**What the exercise asks**
With images removed, return the whole listing exactly as written.

**Material provided**
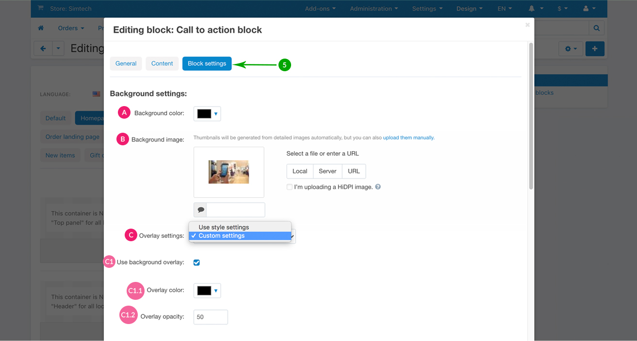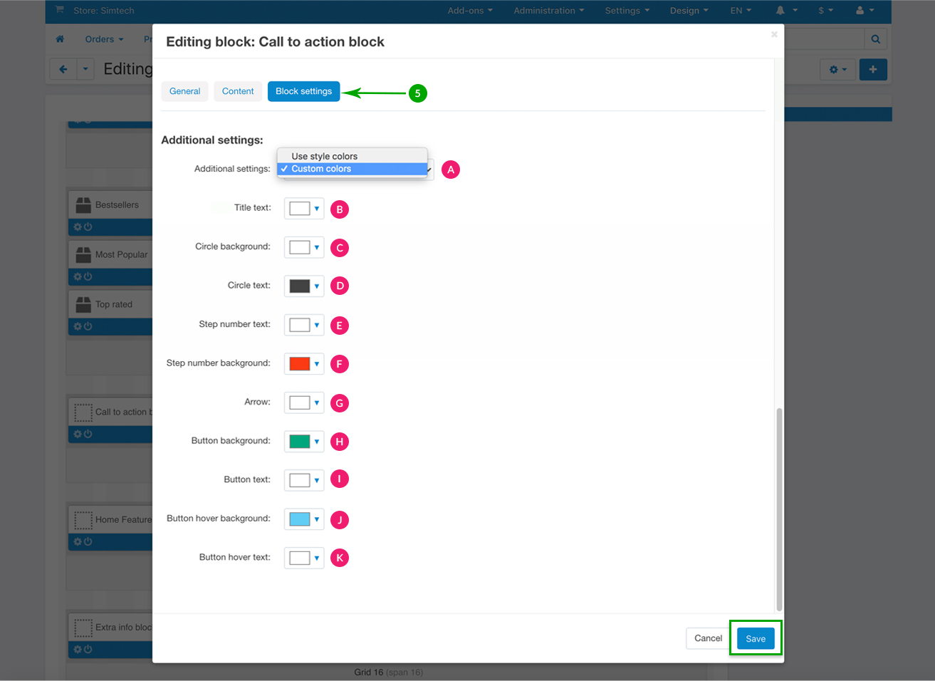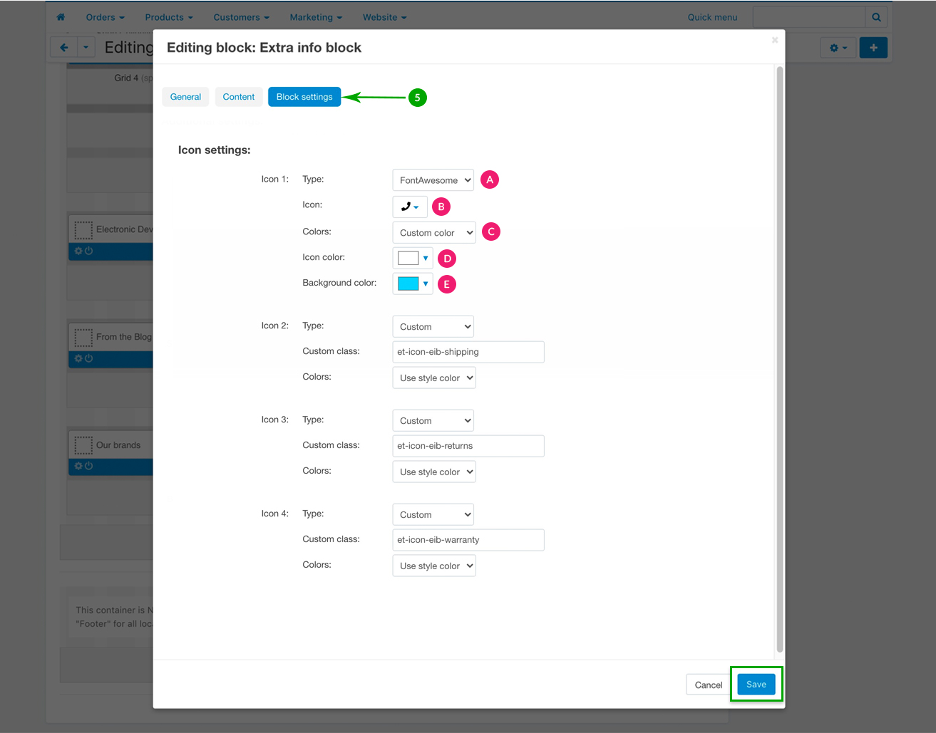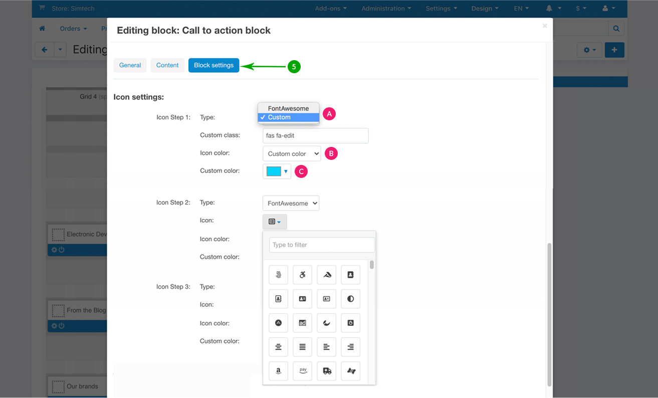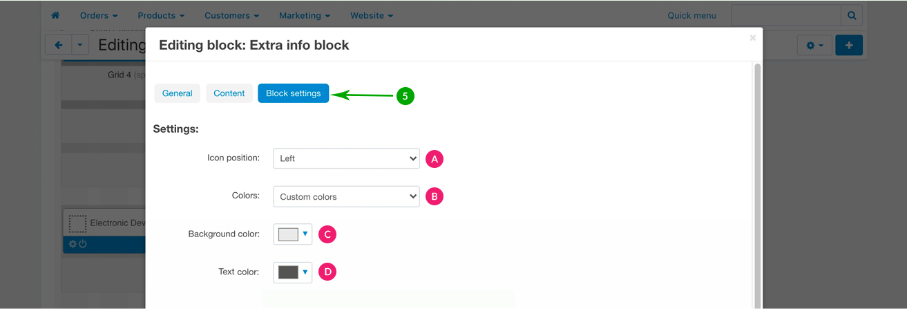 Next, under the “Block settings” tab you can choose your settings for the block background, icons and text.
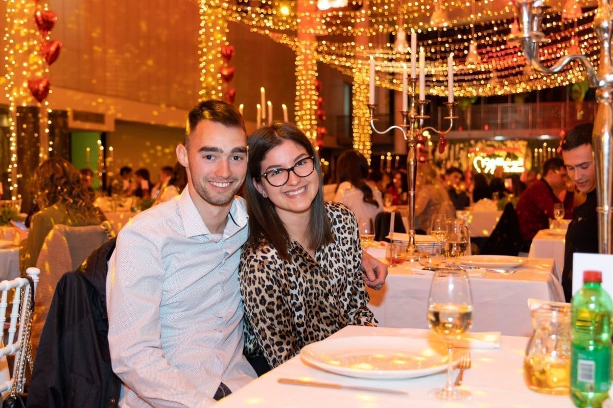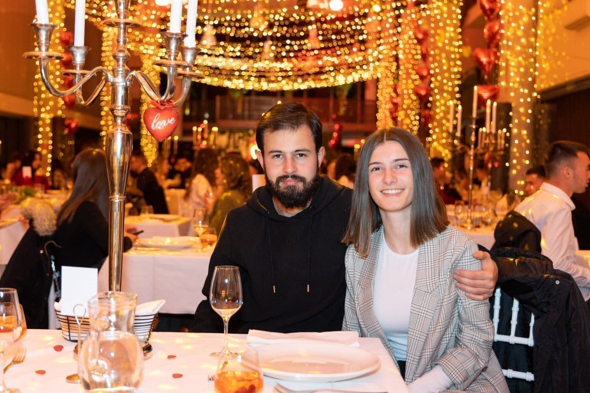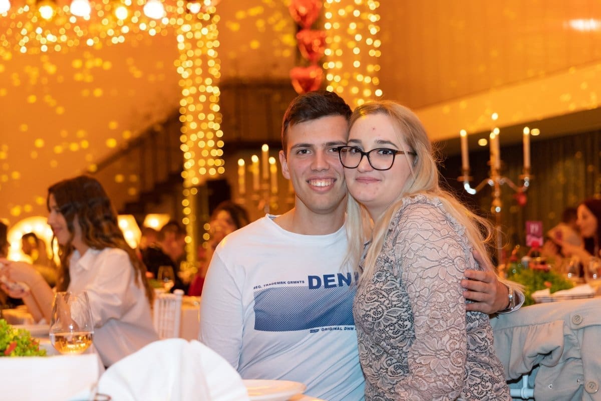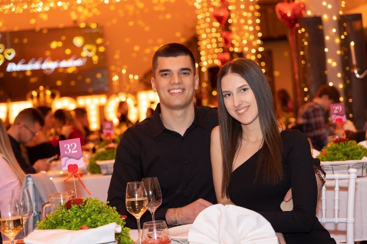 60 sretnih studentskih parova imalo je priliku sudjelovati na svečanoj valentinovskoj večeri u Restoranu Kampus. Koliko su ovakve večere postale popularne među studentima najbolje govori podatak da su sva mjesta rezervirana samo 15 minuta od početka prijava. Zvjezdano nebo satkano od 2.000 lampica, velika disko-kugla, baloni, svijećnjaci i fotokutak s ljuljačkom za zaljubljene učinili su da sve na prvi pogled izgleda glamurozno. - Već treću godinu dolazimo na večeru, ali ove je godine bolje nego prije. Svake se godine doda nešto novo u ponudu i baš je jako lijepo – govori nam Ivan Benotić s Fakulteta organizacije i informatike u Varaždinu, a s njime se slaže i pratnja Karla Bogoje s Filozofskog fakulteta u Splitu koja ga je i prijavila na večeru.
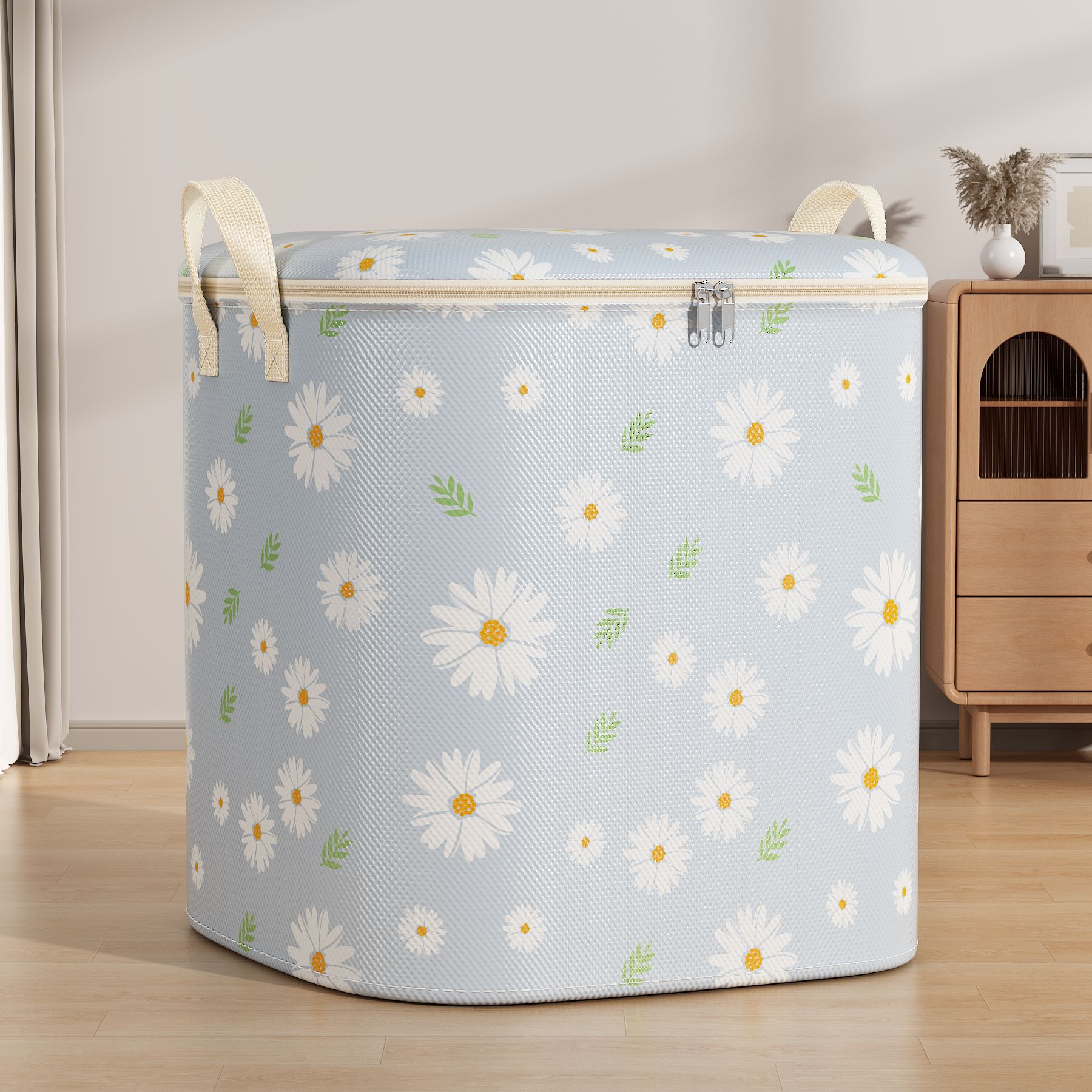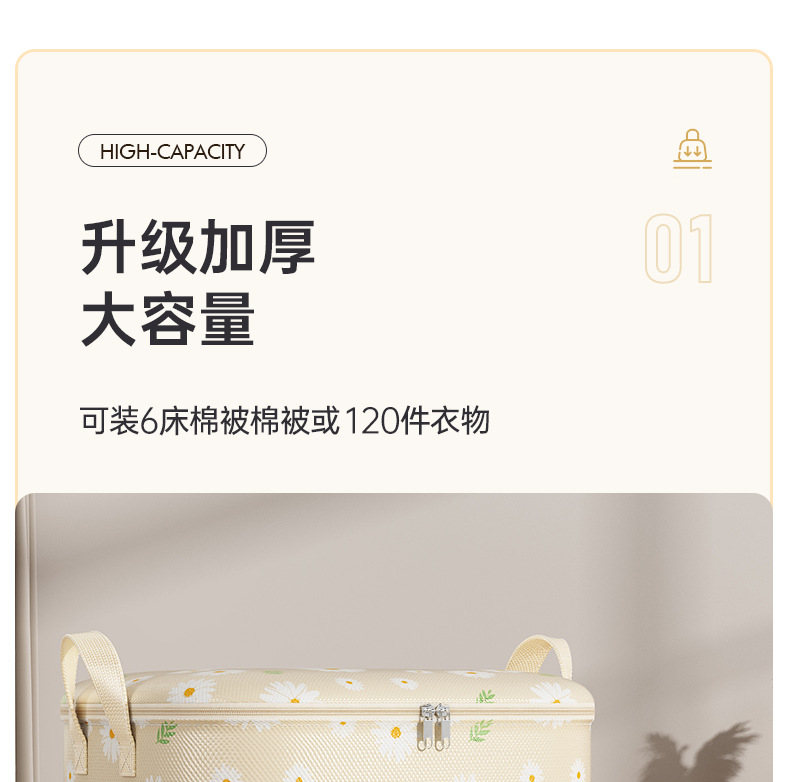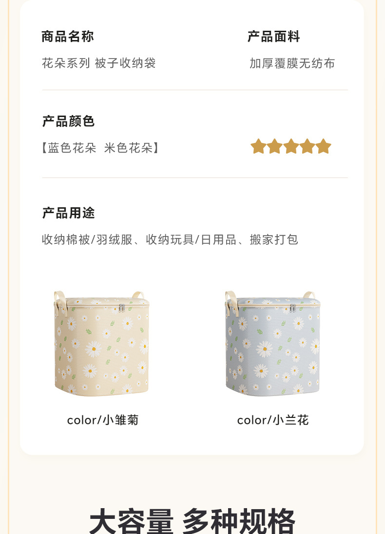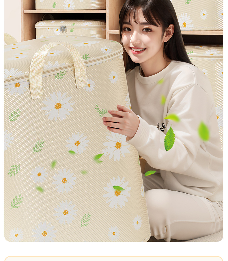 데이지 퀼트 저장 가방 대용량 의류 이불 부직포 이동 가방 여행 포장 더플 가방
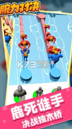 腕力对决是一款魔性搞笑的动作格斗类型的游戏。在这里,玩家将展开趣味的格斗竞技。解锁各色皮肤,和对手进行独木桥竞技,发挥自己的腕力,将所有的对手全都打下桥去。

**Expected answer**
 Next, under the “Block settings” tab you can choose your settings for the block background, icons and text.
 60 sretnih studentskih parova imalo je priliku sudjelovati na svečanoj valentinovskoj večeri u Restoranu Kampus. Koliko su ovakve večere postale popularne među studentima najbolje govori podatak da su sva mjesta rezervirana samo 15 minuta od početka prijava. Zvjezdano nebo satkano od 2.000 lampica, velika disko-kugla, baloni, svijećnjaci i fotokutak s ljuljačkom za zaljubljene učinili su da sve na prvi pogled izgleda glamurozno. - Već treću godinu dolazimo na večeru, ali ove je godine bolje nego prije. Svake se godine doda nešto novo u ponudu i baš je jako lijepo – govori nam Ivan Benotić s Fakulteta organizacije i informatike u Varaždinu, a s njime se slaže i pratnja Karla Bogoje s Filozofskog fakulteta u Splitu koja ga je i prijavila na večeru.
 데이지 퀼트 저장 가방 대용량 의류 이불 부직포 이동 가방 여행 포장 더플 가방
 腕力对决是一款魔性搞笑的动作格斗类型的游戏。在这里,玩家将展开趣味的格斗竞技。解锁各色皮肤,和对手进行独木桥竞技,发挥自己的腕力,将所有的对手全都打下桥去。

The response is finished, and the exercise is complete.